The underlying concerns about nuclear power are that it could be unsafe, uneconomic, or associated with weapons production. But we respectfully suggest that negotiations on climate change are not the appropriate forum to deal with any of these concerns. As regards safety, the Convention on Nuclear Safety provides an effective international mechanism for review. Regarding costs, it is investors who are best equipped to forecast what will be economically attractive now and in the future.
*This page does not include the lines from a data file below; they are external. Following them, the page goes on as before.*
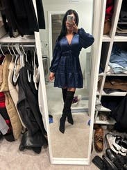 Usually love Maje dresses, but this one has very exaggerated, balloon-y sleeves. It was too much sleeve fabric for me. It's a pretty color, though--a deep, navy-ish blue.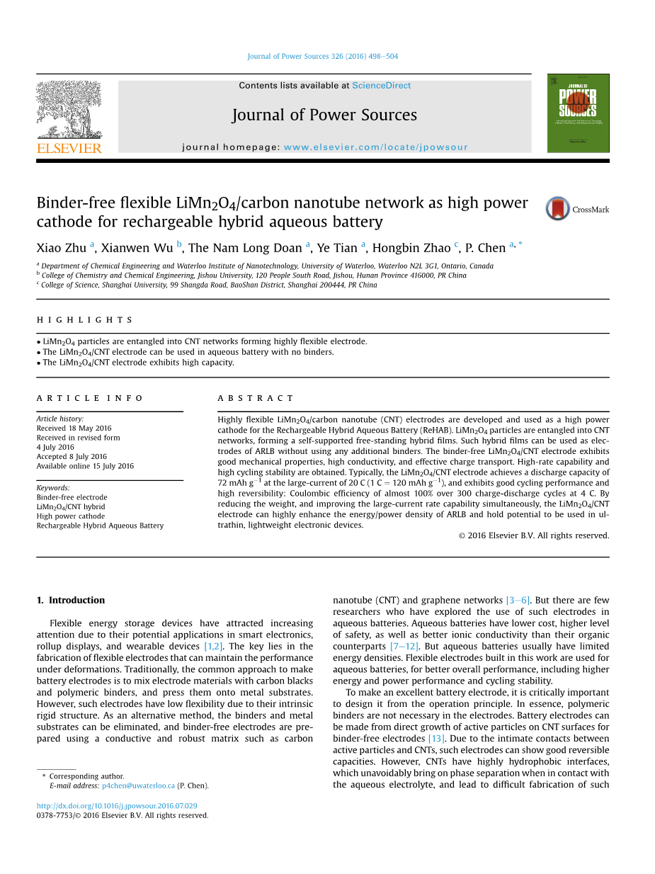 开发出高柔韧性的LiMn2O4/碳纳米管(CNT)电极,并用作可再充电混合水电池(ReHAB)的高功率阴极。LiMn2O4颗粒缠结到CNT网络中,形成自支撑的独立式混合膜。这种混合膜可以用作ARLB的电极而不使用任何额外的粘合剂。不含粘合剂的LiMn2O4/ CNT电极表现出良好的机械性能,高导电性和有效的电荷传输。获得高速率能力和高循环稳定性。通常,LiMn2O4/ CNT电极在20 C的大电流(1 C = 120 mAh g-1)下实现72 mAh g-1 的放电容量,并表现出良好的循环性能高可逆性:4℃300次充放电循环后的库仑效率接近100%。通过减轻重量,同时提高大电流倍率性能,LiMn2O4/ CNT电极可以大大提高ARLB的能量/功率密度和具有应用于超薄轻量级电子设备的潜力。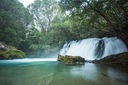 The curious architecture of the Tarawera Falls stems from the cracks and fissures in the huge block of rhyolite lava ejected by Mount Tarawera around 11,000 year ago. These weaknesses in the rock capture the course of the river, approximately 30 metres behind the cliff face, and weave an underground network of watercourses that re-materialise through the hole in the cliff.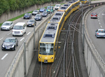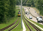 The suburb Kaltental can be reached from three light rail stops. After Waldeck station the tracks change from central onto side reservation.
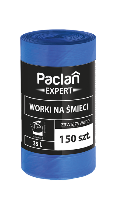 Worki na śmieci 35l 600 szt Paclan Expert zawiązywane mocne nie pękające 4 rolki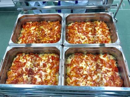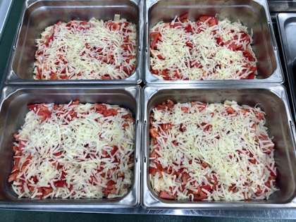 毎回生徒に好評なチーズ焼きは、材料をクラス分ずつこのミニバットに入れて、焼き物機で焼いています。本日残食ゼロでした!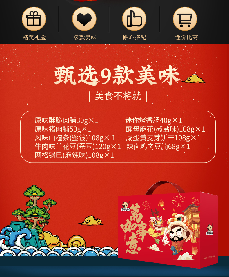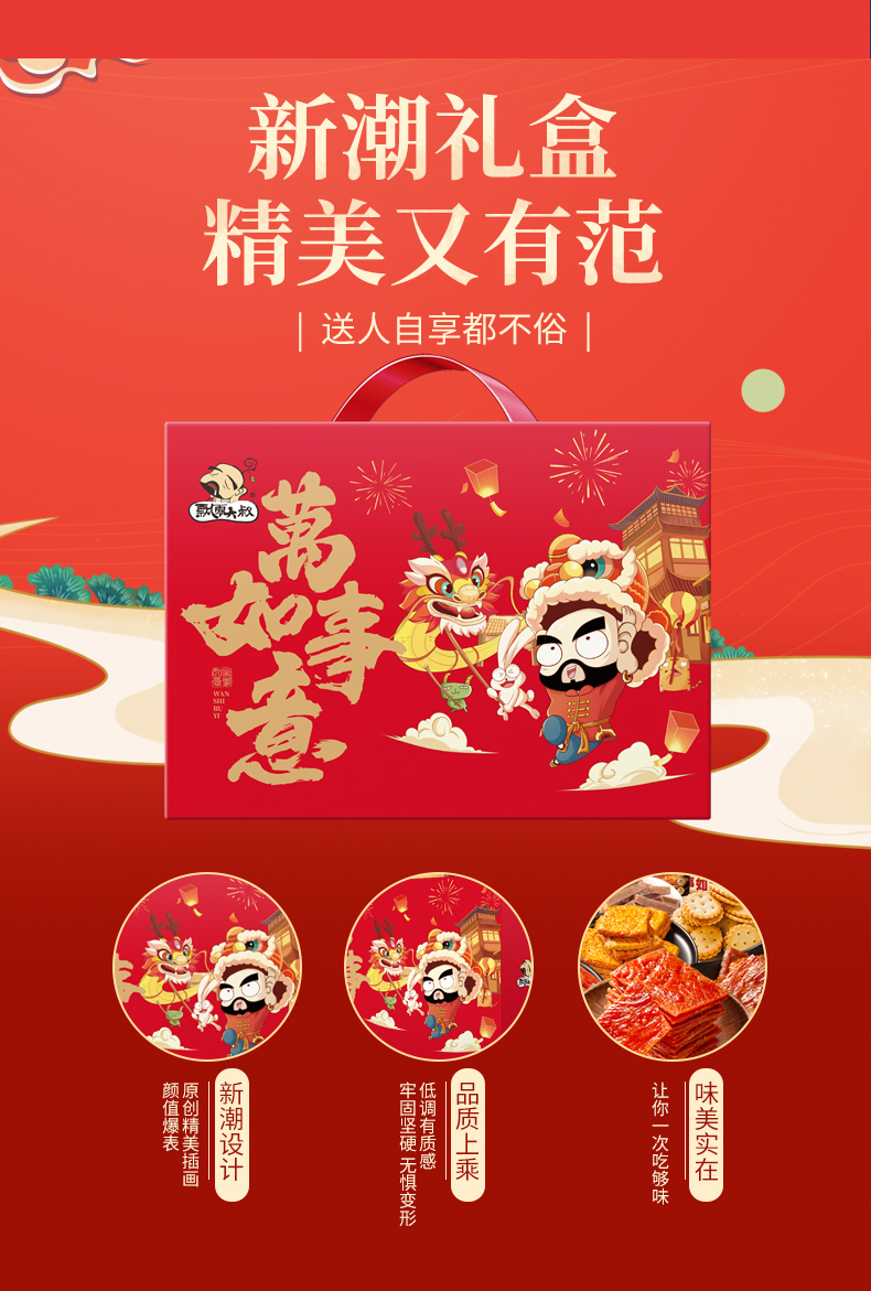 飘零大叔/PIAOLINGDASHU 休闲零食大礼包 万事如意 740g 红色(单位:盒)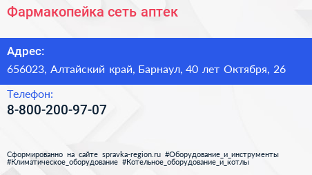 Фармакопейка, сеть аптек по адресу 656023, Алтайский край, Барнаул, 40 лет Октября, 26 в дальнейшем Организация, размещена в следующих категориях: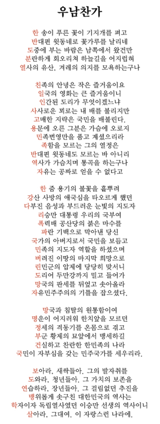 자유경제원은 소장을 통해 “(우남찬가는) 이승만 초대 대통령의 업적을 기리기 위한 공모 취지에 정면으로 위배되고 그런 내용의 시로 응모하는 행위는 명백히 시 공모전을 방해하는 행위”라고 주장했다.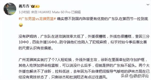 确实想不到国内阵容更有优势的广东队在第四节一拉到底。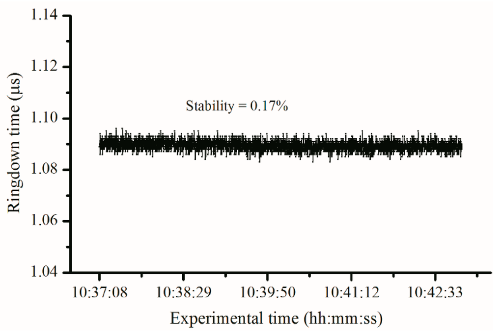 The typical instrument stability in terms of the ringdown time obtained. Each data point is generated from averaging 100 ringdown events, a stability σ/ of 0.17% was measured.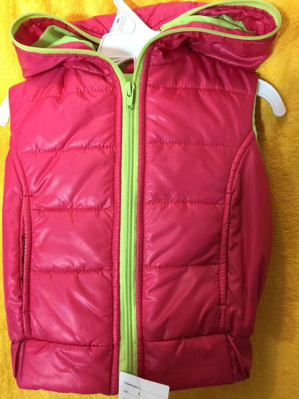 Жилет с капюшоном.. Утеплитель синтепон. Возраст 1-2 года. Размер /рост/ 86 ширина по груди 30см длина 33см

And, as concerns proliferation, there is in place the now indefinitely extended Non-Proliferation Treaty, and the growing adherence to the Additional Protocol, which further strengthens the safeguards agreements under this Treaty.

The UN Commission on Sustainable Development has concluded that although countries disagree on the role of nuclear power in sustainable development, "the choice of nuclear energy rests with countries". It is not for climate change agreements to remove that choice. The best chance for sustainable development - for meeting the needs of the present without compromising the ability of future generations to meet their needs - lies in allowing those future generations to make their own decisions about energy supply options, and allowing these options to compete on a level playing field.